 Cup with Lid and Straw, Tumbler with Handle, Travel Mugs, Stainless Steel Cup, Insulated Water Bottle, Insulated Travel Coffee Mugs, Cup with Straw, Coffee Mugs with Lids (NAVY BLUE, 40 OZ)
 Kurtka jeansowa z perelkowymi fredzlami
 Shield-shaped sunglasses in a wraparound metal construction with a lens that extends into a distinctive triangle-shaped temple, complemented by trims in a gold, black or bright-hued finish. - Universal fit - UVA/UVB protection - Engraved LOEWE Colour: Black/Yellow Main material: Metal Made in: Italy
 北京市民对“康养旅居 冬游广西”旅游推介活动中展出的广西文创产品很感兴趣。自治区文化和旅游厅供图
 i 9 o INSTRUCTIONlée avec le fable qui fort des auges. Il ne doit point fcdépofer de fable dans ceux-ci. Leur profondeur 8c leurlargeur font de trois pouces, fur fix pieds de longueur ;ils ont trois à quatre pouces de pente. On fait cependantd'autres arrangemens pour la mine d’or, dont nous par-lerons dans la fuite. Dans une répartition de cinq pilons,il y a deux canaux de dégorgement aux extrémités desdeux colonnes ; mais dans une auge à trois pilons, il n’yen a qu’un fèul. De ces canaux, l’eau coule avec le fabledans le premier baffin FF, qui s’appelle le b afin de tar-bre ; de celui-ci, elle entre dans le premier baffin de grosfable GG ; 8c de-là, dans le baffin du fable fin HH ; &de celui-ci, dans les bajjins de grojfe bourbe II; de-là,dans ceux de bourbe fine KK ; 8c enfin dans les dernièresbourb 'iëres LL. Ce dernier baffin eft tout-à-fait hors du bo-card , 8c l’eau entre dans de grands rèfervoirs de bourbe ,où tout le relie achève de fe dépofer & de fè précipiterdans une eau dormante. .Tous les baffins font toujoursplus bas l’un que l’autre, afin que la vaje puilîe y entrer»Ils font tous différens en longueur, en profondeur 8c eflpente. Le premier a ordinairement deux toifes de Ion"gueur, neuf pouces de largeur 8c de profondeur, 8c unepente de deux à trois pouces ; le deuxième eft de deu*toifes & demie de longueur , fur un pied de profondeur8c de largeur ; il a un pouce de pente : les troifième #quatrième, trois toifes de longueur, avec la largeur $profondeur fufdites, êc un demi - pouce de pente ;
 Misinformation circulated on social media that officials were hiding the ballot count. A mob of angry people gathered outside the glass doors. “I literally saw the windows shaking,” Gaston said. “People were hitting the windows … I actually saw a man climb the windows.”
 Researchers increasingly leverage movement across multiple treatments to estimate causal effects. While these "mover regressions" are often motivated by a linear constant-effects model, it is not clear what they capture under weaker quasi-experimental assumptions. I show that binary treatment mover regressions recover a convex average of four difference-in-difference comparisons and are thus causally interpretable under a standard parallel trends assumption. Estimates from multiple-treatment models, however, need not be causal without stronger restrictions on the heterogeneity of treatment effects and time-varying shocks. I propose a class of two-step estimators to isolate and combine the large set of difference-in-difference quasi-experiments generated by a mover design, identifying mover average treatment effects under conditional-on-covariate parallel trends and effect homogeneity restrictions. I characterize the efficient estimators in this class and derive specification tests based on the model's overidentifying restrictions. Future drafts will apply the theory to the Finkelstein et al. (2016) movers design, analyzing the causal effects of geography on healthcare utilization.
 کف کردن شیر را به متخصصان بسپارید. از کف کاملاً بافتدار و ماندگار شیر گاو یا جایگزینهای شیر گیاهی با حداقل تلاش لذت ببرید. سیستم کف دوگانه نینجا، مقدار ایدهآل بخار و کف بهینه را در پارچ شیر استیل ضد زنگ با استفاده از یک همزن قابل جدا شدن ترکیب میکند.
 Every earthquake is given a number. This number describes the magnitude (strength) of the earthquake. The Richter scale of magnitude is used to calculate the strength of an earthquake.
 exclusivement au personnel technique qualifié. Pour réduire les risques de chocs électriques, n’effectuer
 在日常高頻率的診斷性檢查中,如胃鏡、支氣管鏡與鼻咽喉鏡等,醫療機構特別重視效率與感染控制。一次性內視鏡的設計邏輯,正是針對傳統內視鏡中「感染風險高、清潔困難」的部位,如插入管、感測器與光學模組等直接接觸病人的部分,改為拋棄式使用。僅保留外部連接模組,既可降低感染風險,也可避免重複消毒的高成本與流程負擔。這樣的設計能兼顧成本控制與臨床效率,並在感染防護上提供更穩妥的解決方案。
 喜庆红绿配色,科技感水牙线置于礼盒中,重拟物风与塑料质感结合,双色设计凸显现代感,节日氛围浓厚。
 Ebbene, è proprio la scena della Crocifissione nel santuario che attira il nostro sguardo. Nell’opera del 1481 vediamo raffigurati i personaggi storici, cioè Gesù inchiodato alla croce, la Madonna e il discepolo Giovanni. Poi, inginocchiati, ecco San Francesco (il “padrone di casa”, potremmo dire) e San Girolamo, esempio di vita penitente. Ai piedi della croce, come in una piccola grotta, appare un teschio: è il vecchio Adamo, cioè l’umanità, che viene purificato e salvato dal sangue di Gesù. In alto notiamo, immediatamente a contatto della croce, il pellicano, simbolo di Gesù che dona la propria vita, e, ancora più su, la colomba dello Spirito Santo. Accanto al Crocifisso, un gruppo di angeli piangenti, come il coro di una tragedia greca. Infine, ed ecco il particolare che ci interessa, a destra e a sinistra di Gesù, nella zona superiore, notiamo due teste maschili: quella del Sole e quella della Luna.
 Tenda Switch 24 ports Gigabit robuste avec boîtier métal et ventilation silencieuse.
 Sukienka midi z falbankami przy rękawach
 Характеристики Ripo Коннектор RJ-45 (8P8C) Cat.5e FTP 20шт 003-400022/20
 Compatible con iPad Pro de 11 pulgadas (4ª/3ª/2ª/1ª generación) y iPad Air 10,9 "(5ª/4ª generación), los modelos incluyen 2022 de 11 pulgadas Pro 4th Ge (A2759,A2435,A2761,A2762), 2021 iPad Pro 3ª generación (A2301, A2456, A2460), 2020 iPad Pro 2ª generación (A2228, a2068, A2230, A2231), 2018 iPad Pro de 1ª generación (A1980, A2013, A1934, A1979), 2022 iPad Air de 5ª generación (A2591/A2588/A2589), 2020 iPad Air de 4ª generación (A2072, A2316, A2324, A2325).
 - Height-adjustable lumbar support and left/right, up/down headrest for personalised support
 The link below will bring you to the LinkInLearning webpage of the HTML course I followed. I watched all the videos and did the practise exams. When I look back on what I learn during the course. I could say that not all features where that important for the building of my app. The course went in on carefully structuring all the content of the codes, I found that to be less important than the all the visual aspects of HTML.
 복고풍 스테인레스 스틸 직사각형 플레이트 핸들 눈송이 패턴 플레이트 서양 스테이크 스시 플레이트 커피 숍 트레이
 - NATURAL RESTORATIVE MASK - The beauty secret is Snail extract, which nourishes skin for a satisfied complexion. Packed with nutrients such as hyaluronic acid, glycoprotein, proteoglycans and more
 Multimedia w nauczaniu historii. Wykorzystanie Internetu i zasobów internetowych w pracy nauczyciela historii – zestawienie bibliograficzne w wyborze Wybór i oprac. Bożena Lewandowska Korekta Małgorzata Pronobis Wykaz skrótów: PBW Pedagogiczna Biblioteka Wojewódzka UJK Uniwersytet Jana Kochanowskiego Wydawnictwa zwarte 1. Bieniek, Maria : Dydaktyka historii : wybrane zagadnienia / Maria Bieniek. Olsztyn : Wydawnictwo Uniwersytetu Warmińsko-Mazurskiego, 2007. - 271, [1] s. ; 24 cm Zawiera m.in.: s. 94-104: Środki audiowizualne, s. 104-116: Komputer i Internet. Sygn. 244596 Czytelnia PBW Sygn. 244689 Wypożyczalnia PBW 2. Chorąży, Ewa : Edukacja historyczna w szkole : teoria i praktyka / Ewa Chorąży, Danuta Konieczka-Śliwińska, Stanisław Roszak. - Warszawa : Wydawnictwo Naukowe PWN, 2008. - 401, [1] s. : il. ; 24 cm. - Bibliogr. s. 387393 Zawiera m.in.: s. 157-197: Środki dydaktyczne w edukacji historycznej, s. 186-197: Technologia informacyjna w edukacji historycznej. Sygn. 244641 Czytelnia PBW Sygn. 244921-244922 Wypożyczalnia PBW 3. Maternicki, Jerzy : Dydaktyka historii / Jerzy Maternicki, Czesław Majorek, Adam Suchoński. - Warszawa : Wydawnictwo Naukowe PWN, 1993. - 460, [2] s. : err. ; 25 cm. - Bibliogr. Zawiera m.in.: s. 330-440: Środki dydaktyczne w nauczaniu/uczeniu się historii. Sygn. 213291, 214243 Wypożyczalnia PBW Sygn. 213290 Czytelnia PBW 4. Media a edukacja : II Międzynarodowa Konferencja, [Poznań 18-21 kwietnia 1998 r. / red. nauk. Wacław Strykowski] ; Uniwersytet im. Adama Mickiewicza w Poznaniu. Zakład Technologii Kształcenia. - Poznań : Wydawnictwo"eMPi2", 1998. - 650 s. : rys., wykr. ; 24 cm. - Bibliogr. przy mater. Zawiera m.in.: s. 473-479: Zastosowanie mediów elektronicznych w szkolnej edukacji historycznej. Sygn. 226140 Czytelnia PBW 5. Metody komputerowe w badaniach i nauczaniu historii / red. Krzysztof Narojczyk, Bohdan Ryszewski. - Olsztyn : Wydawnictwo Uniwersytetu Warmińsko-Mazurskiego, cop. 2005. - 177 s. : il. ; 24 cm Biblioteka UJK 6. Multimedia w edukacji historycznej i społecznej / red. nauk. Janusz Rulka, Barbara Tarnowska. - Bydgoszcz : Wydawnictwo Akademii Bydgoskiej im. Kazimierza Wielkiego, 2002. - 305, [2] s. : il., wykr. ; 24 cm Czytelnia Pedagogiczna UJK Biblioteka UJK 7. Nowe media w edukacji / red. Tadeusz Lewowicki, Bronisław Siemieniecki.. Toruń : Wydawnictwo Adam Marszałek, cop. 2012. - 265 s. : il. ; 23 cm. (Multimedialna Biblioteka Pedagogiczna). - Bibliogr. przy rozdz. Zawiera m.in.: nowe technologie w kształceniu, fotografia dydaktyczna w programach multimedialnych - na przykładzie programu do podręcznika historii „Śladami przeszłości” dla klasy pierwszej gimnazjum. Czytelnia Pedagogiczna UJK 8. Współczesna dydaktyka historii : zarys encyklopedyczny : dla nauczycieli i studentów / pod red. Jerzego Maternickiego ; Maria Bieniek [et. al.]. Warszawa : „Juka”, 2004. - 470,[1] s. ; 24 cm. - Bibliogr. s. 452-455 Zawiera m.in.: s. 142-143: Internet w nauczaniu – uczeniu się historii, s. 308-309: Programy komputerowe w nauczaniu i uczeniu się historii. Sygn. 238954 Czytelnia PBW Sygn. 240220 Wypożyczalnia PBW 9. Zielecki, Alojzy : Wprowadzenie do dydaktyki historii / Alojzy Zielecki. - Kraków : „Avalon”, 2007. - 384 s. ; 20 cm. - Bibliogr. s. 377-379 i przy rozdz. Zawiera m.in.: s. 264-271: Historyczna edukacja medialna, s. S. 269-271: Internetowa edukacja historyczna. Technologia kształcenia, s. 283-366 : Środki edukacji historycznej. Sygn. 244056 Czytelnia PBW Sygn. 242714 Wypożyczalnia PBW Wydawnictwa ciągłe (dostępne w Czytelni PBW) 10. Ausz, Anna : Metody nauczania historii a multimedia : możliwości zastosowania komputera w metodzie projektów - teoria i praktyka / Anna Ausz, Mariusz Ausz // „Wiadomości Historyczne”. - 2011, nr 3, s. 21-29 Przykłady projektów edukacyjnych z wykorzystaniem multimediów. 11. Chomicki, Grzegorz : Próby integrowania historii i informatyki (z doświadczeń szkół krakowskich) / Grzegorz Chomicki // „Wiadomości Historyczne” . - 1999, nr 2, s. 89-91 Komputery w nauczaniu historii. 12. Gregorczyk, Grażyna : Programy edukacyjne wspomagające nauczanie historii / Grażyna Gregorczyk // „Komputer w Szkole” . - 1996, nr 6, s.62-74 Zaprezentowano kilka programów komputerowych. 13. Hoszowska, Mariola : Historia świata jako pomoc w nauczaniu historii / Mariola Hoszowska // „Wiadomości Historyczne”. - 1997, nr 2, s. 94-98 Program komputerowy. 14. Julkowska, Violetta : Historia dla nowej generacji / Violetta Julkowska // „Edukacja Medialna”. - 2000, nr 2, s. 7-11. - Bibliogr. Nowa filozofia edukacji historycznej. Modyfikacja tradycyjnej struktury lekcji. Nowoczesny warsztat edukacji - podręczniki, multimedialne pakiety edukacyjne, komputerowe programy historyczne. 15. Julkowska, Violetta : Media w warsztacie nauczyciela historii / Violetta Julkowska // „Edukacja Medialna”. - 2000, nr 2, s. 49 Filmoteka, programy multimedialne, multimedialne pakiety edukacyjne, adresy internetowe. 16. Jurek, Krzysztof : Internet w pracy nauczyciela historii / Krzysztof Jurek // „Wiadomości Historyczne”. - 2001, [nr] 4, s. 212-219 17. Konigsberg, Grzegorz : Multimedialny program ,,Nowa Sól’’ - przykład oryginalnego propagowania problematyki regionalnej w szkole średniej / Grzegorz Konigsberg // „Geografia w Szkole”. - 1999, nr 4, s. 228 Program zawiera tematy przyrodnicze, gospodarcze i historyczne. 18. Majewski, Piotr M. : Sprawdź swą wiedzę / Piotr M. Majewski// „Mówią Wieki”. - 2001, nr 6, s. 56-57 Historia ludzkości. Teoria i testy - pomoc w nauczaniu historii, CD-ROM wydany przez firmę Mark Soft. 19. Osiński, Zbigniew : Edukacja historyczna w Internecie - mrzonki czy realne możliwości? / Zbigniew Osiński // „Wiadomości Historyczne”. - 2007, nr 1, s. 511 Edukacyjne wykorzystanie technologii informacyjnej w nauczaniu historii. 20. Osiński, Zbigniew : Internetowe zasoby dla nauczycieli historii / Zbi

Problem requirements - Output the lines above exactly, but only those between the line holding "Compatible con iPad" and the line holding "- Height-adjustable lumbar", inclusive.

Response to the exercise -
 Compatible con iPad Pro de 11 pulgadas (4ª/3ª/2ª/1ª generación) y iPad Air 10,9 "(5ª/4ª generación), los modelos incluyen 2022 de 11 pulgadas Pro 4th Ge (A2759,A2435,A2761,A2762), 2021 iPad Pro 3ª generación (A2301, A2456, A2460), 2020 iPad Pro 2ª generación (A2228, a2068, A2230, A2231), 2018 iPad Pro de 1ª generación (A1980, A2013, A1934, A1979), 2022 iPad Air de 5ª generación (A2591/A2588/A2589), 2020 iPad Air de 4ª generación (A2072, A2316, A2324, A2325).
 - Height-adjustable lumbar support and left/right, up/down headrest for personalised support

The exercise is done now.